→ **WORK INSTRUCTION**: Restrict the output to the lines below starting at the one that contains "미국식 하이 스트리트" and ending at the one that contains "Tkanina mieszanka bawełny.", and restate them word for word, both ends included.

--- EXERCISE INPUT Enclosed Below ---

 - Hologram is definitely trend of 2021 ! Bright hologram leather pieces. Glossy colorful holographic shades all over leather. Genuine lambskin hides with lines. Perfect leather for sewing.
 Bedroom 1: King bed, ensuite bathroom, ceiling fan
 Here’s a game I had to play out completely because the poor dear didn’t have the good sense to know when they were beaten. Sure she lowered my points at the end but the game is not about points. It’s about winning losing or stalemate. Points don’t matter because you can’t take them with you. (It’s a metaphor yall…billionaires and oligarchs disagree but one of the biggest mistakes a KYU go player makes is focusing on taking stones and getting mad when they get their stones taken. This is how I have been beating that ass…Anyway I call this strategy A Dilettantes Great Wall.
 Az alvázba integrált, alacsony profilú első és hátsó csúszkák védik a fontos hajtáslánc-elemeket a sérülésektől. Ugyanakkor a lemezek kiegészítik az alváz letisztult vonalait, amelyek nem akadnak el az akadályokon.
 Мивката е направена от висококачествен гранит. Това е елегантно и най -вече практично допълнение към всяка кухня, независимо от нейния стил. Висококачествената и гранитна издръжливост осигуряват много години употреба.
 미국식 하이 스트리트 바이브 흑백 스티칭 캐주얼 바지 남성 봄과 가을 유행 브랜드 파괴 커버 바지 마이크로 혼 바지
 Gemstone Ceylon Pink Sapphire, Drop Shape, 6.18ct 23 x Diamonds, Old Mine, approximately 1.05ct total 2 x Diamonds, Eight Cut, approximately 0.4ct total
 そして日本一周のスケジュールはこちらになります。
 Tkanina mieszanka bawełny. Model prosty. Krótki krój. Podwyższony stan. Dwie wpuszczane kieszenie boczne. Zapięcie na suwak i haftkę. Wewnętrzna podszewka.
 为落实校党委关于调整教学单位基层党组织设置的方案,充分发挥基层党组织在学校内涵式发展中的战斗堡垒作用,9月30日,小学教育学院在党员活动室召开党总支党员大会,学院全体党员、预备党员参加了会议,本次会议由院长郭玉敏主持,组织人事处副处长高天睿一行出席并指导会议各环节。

--- End of Enclosed EXERCISE INPUT ---

→ **SOLVED PROBLEM**:
 미국식 하이 스트리트 바이브 흑백 스티칭 캐주얼 바지 남성 봄과 가을 유행 브랜드 파괴 커버 바지 마이크로 혼 바지
 Gemstone Ceylon Pink Sapphire, Drop Shape, 6.18ct 23 x Diamonds, Old Mine, approximately 1.05ct total 2 x Diamonds, Eight Cut, approximately 0.4ct total
 そして日本一周のスケジュールはこちらになります。
 Tkanina mieszanka bawełny. Model prosty. Krótki krój. Podwyższony stan. Dwie wpuszczane kieszenie boczne. Zapięcie na suwak i haftkę. Wewnętrzna podszewka.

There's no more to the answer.